Russia would also likely revisit its own relationship with
the Alliance and activities in the NATO-Russia Council, and
consider further actions in the arms control arena, including
the possibility of complete withdrawal from the CFE and INF
Treaties, and more direct threats against U.S. missile
defense plans.
11. (C) Isabelle Francois, Director of the NATO Information
Office in Moscow (protect), said she believed that Russia had
accepted that Ukraine and Georgia would eventually join NATO
and was engaged in long-term planning to reconfigure its
relations with both countries, and with the Alliance.

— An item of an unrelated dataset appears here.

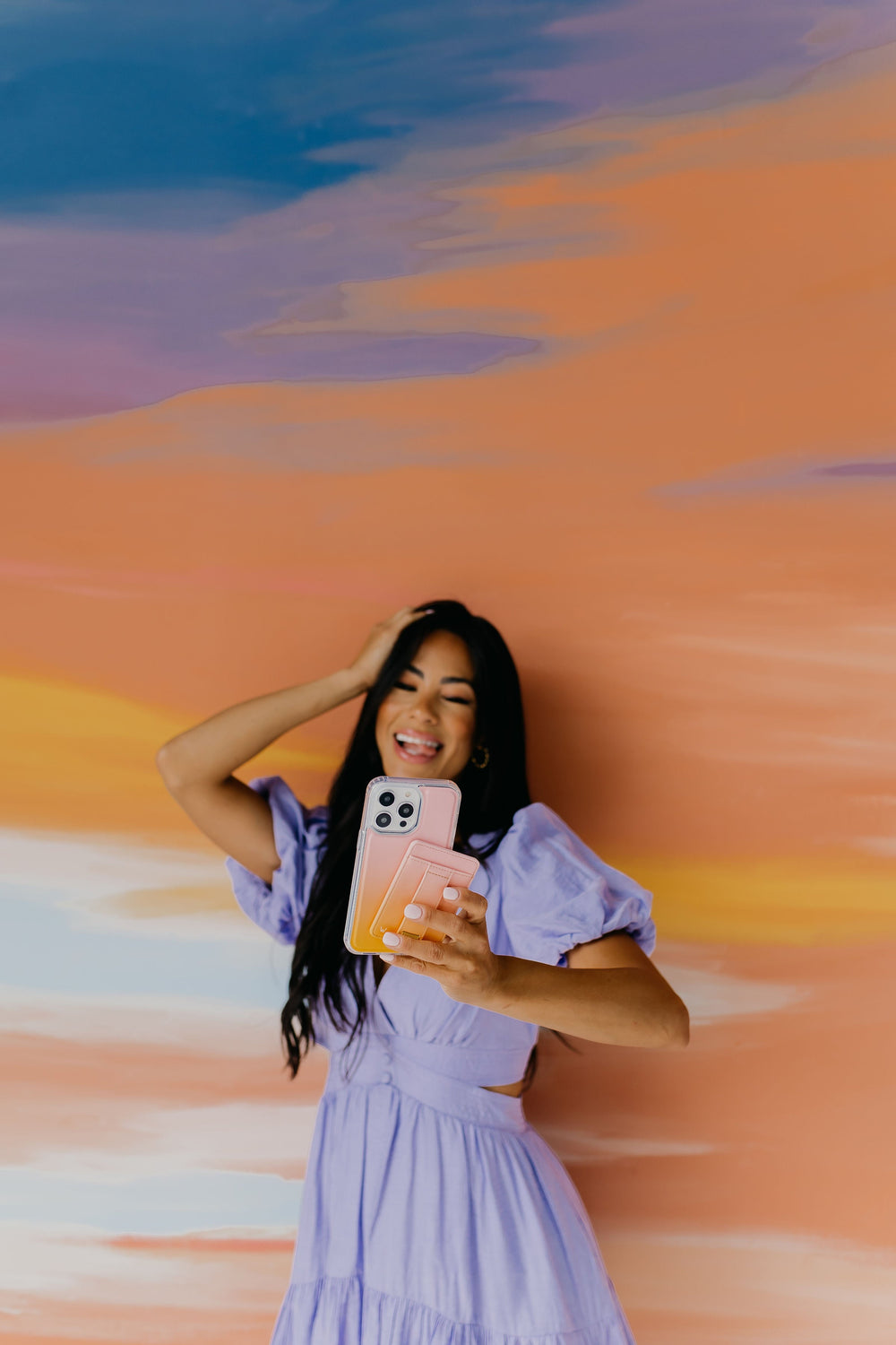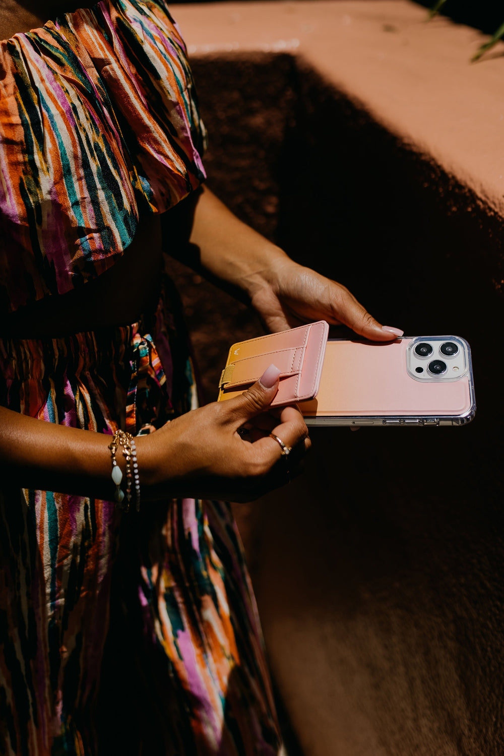 This ombré design is sure to brighten your day, complete with a magnetic detachable wallet design.

However, Russia was not yet ready to deal with the
consequences of further NATO enlargement to its south. She
added that while Russia liked the cooperation with NATO in
the NATO-Russia Council, Russia would feel it necessary to
insist on recasting the NATO-Russia relationship, if not
withdraw completely from the NRC, in the event of Ukraine and
Georgia joining NATO.
Comment
-------
12. (C) Russia's opposition to NATO membership for Ukraine
and Georgia is both emotional and based on perceived
strategic concerns about the impact on Russia's interests in
the region. It is also politically popular to paint the U.S.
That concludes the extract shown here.